Use Ollama (local) or Gemini API (cloud) to issue natural language queries over the generated knowledge base.

---

## System Architecture

VideoChain follows a **late-fusion architecture** — each modality is processed independently before being merged at the knowledge-base level. This decouples model upgrade paths and allows per-modality optimization.

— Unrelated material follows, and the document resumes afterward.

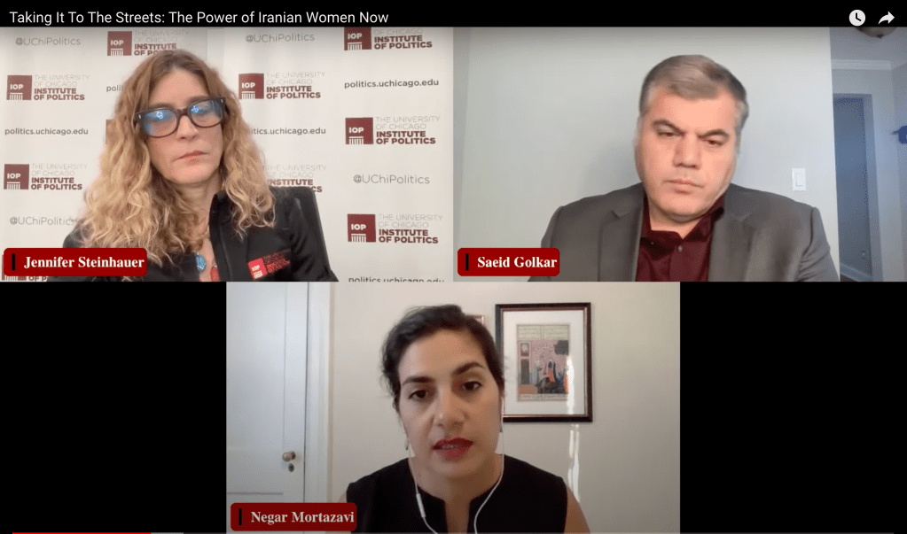 The panel discussion, titled “Taking it to the Streets: The Power of Iranian Women Now,” was scheduled for Tuesday afternoon at the University of Chicago’s Institute of Politics on the university’s campus to discuss the context of the ongoing protests in Iran, according to those reports.

| Layer | Component | Responsibility |
|---|---|---|
| 1 | **Loaders** | Frame extraction (OpenCV), audio separation (MoviePy), format normalization |
| 2 | **Processors** | Vision: MobileNetV3 classification · Audio: Whisper transcription with word-level timestamps |
| 3 | **Fusion Engine** | Timestamp synchronization, confidence-weighted merging of modalities |
| 4 | **LLM Reasoning** | Natural language querying via Ollama (Llama 3, local) or Gemini API (remote) |
| 5 | **Knowledge Base** | Structured JSON output — indexed by timestamp, designed for vector DB integration |

---

## Knowledge Base Schema

Each event entry in `knowledge_base.json` follows this structure:
```json
{
  "timestamp": "00:01:23",
  "visual": ["person", "running"],
  "audio": "Someone is running across the hallway",
  "confidence": 0.91,
  "frame_index": 2490
}
```

---

## Project Structure
```
videochain/
├── core/            # Fusion engine, LLM query interface, KB I/O
├── loaders/         # Video frame extraction, audio separation
├── processors/      # MobileNetV3 vision, Whisper audio inference
├── scripts/         # Training utilities, dataset prep helpers
├── data/
│   └── train/       # Class-labeled training images (one dir per class)
└── pyproject.toml   # Dependencies, CLI entry points, metadata
```

---

## Tech Stack

| Component | Technology |
|---|---|
| Vision model | MobileNetV3 |
| ASR | OpenAI Whisper |
| Video I/O | OpenCV + MoviePy |
| ML framework | PyTorch |
| LLM (local) | Ollama / Llama 3 |
| LLM (cloud) | Gemini API |
| Language | Python 3.10+ |
| GPU runtime | CUDA 12.1 |
| Packaging | pyproject.toml |

---

## Use Cases

| # | Use Case | Description |
|---|---|---|
| 01 | **CCTV Surveillance** | Query footage for specific events, persons, or time windows in natural language |
| 02 | **Retail Analytics** | Track customer behavior patterns and dwell-time events across store zones |
| 03 | **Lecture Indexing** | Search educational video by spoken content or visual slide transitions |
| 04 | **Personal Media Search** | Find moments in home video archives using natural language descriptions |

---

## Roadmap

- [ ] **Real-time streaming pipeline** — live ingestion and indexing with low-latency event detection
- [ ] **Vector database integration** — FAISS or Chroma backends for semantic similarity search
- [ ] **Advanced temporal reasoning** — event co-occurrence detection, causal chain inference, multi-clip reasoning
- [ ] **Query dashboard** — browser-based UI for video playback, timeline visualization, and KB exploration

---

## Contributing

Contributions, issues, and feature requests are welcome. Open a GitHub issue or submit a pull request.

---

## Author

**Rahul Sharma** — B.Tech CSE, IIIT Manipur

## License

Distributed under the [MIT License](LICENSE).